Обхватил широкие плечи Григория Ивановича хиленькими ручонками, ткнулся холодными губами в шею. А сам все шарил, шарил глазами и разглядел-таки шпаги с золочеными эфесами и царские медали на столе. Вмиг сообразил: «Невелика награда». Знал, какие и за что даются награды матушкой царицей. И цену разумел шпагам и медалям. Так-то награждают, понимал, дабы малым отделаться.
Вошла Наталья Алексеевна и пригласила за стол Готлиба Ивановича. Поднесла водочки, закуску положила на тарелочку.
— Порадуйтесь, Готлиб Иванович, приезду нашего хозяина.

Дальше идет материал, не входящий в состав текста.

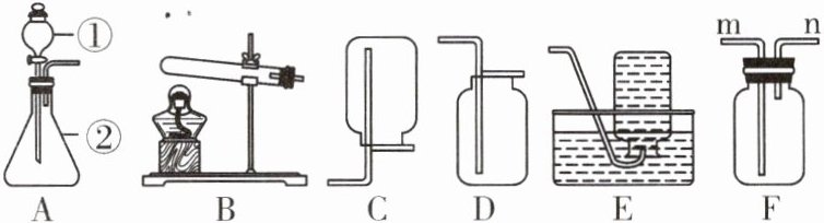 (2)过氧化氢在二氧化锰催化作用下生成水和氧气;氧气密度比空气大,用F装置收集时,气体应从m端通入;验满时,带有火星的木条应放在n处。
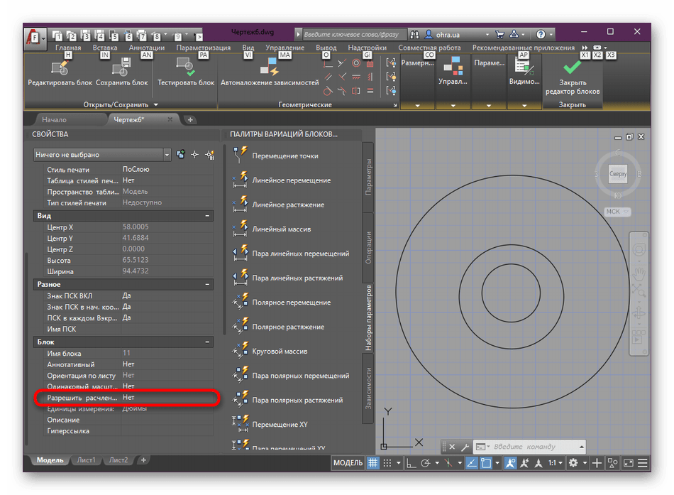 - В палитре свойств (Ctrl+1) в разделе «Блок» выберите параметр «Разрешить расчленение».
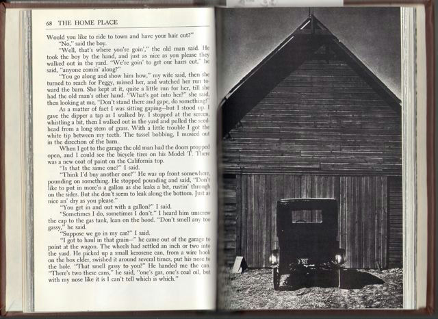 In "The Home Place" pictures appear on every other page of the novel, carefully arranged to correspond to the text opposite. Many of the photographs seem to illustrate directly the images or action occurring on the facing pages, but they always go beyond mere exposition, and are as much a part of the fabric of the novel as the text. This account in first-person narrative and photographs of the one-day visit of Clyde Muncy to "the home place" at Lone Tree, Nebraska, has been called "as near to a new fiction form as you could get."
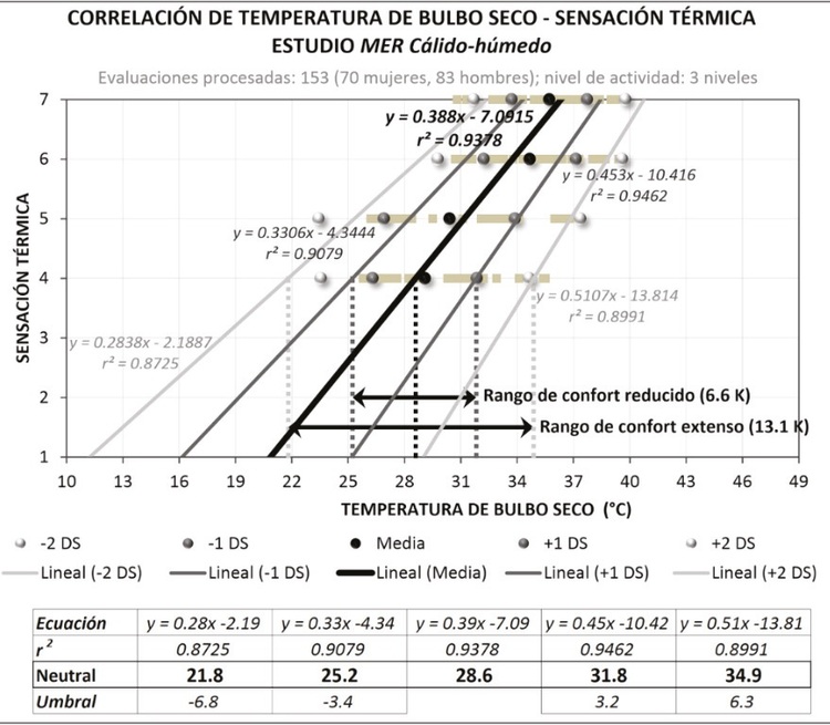De acuerdo con Bojórquez (2010), la correlación que permitió estimar cada uno de los valores mencionados es muy alta, ya que se obtuvo una r2=0.9378 para la Tn; una r2=0.9079 y una r2=0.9462 para los límites del rango reducido de confort; y, una r2=0.8725 y una r2=0.8991 para los límites del rango extenso de confort. El valor de la pendiente en cada caso se ubica entre 0.2838 y 0.5107, esta se incrementa en dirección a los límites superiores de los rangos de confort.
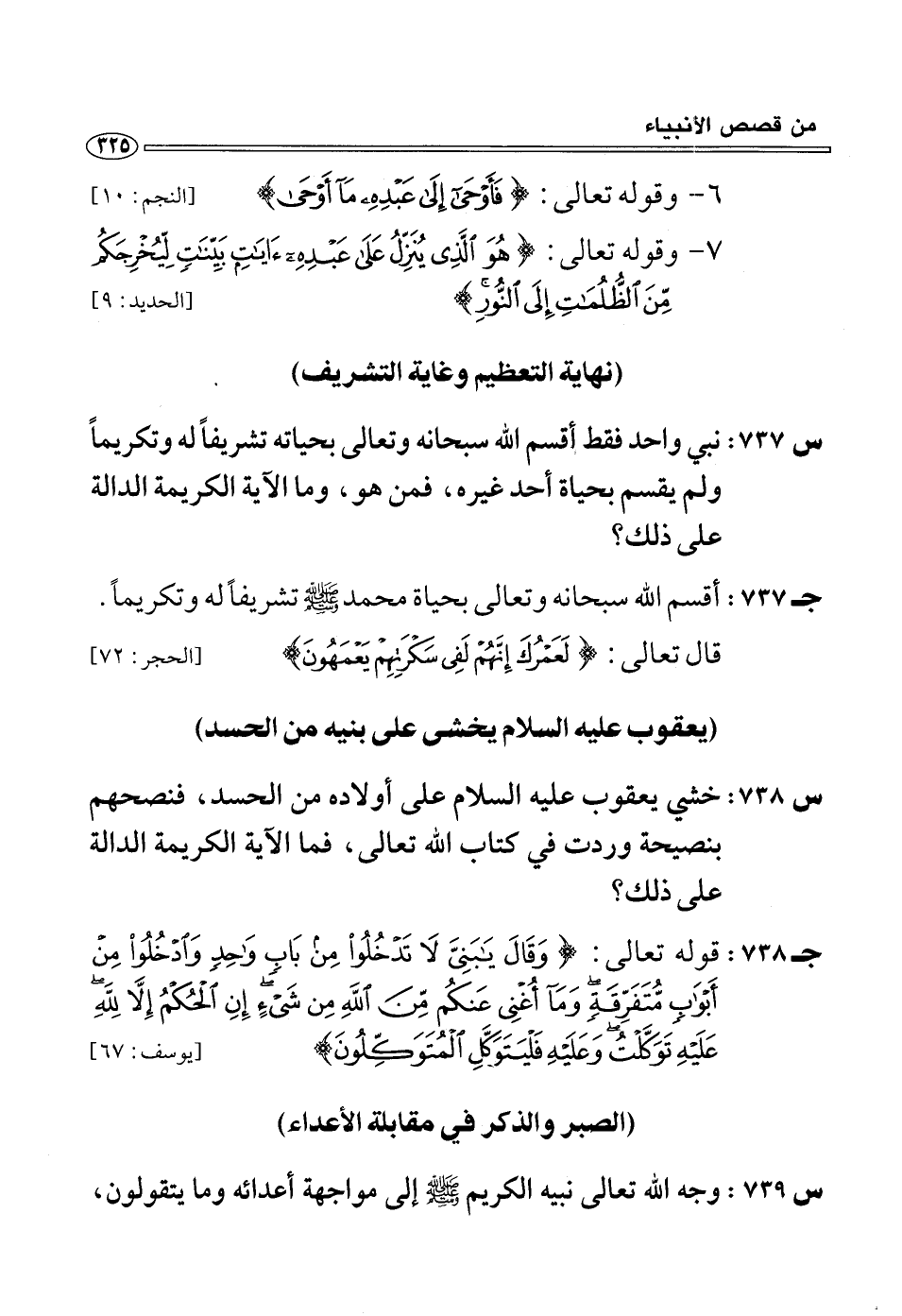 (س 738:) خشي يعقوب عليه السلام على أولاده من الحسد، فنصحهم بنصيحة وردت في كتاب الله تعالى، فما الآية الكريمة الدالة على ذلك؟
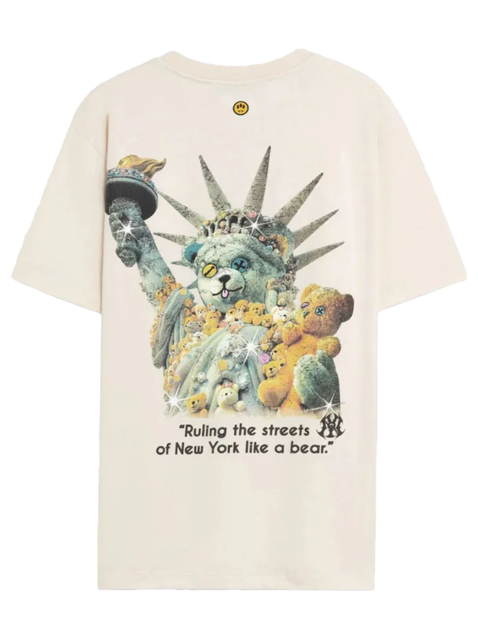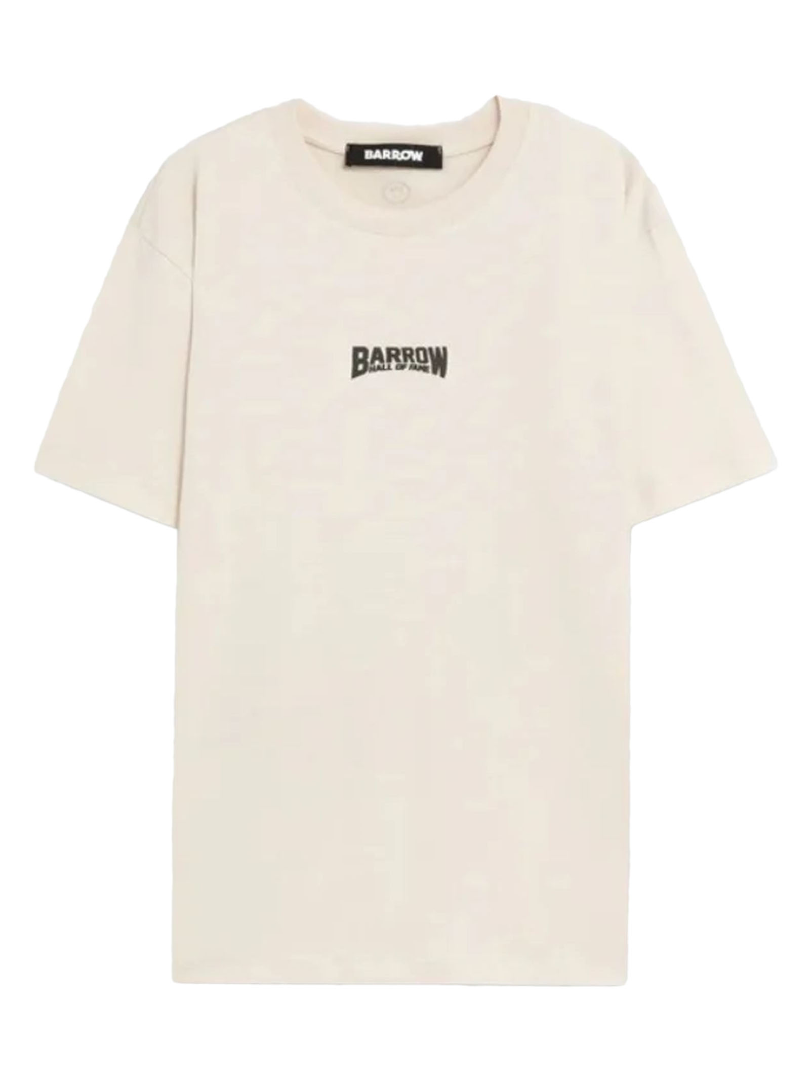 Beige cotton T-shirt with logo, print on the back, round neck, short sleeves
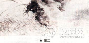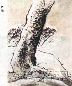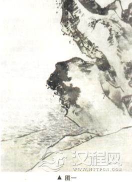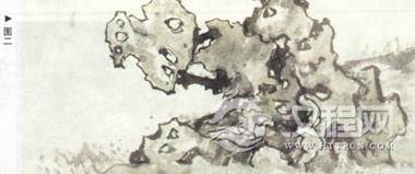 一般石头的表现用斧劈皴。斧劈皴侧锋落笔,落笔要重,运笔迅速。画大斧劈皴要连 钩带皴一气呵成,才能水分饱满淋漓(图一)。小斧劈皴一般先钩外轮廓,再层层皴擦,先从暗部下手,要笔气相联。假山(太湖石),在落笔前要胸有成石,落笔则钩皴结合,在钩轮廓时不要笔笔钩死,要给后面的皴擦留有余地(图二)。
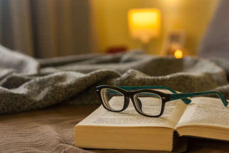 Bedroom cozy interior with blanket, open book with glasses and warm light. Home and relax concept.
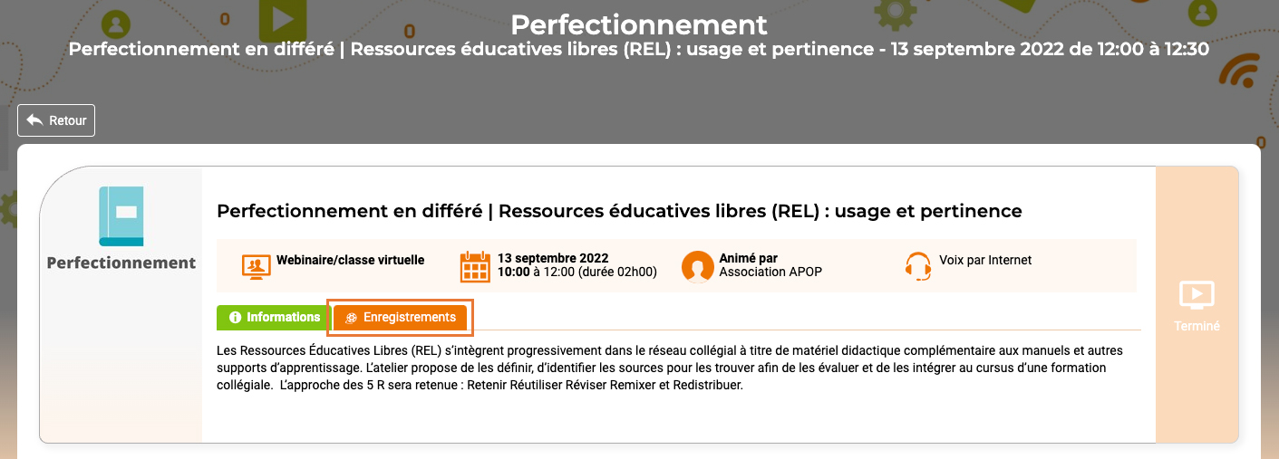 Les enregistrements disponibles se trouvent dans votre tableau de bord :

— Да, да, — кивал Готлиб Иванович, а мысли в голове шустрили о своем. «Так, так, — думал, — значит, у Гришки-то не очень получилось… И здесь, не стесняясь, прижать его можно. А то разгулялись купцы. Рукой не достанешь… Непременно прижать надо и свое взять».
Повнимательнее пригляделся к Ивану Ларионовичу, киснувшему у края стола. «И этот, видишь, скуксился, а то все петухом летал… Что ломиться-то в стену? Ну, взяли свое и отошли в сторону. Земли, земли новые! А видишь, они-то не очень Петербургу нужны. Нет, прижать надо».
Выпил водку, глазки по-птичьи прищурив, и поднялся из-за стола.
— Не буду мешать встрече, дорогой, — сказал, — я на минутку только забежал почтение засвидетельствовать.
Шустренько выбежал из комнаты. А в голове все то же вертелось: «Хе, хе… Герои… И что лезть-то на стену? Свое знай: в карман положил рублик — вот оно и здорово. А то замахнулись — державы границы раздвинуть… Блажные или вовсе дураки».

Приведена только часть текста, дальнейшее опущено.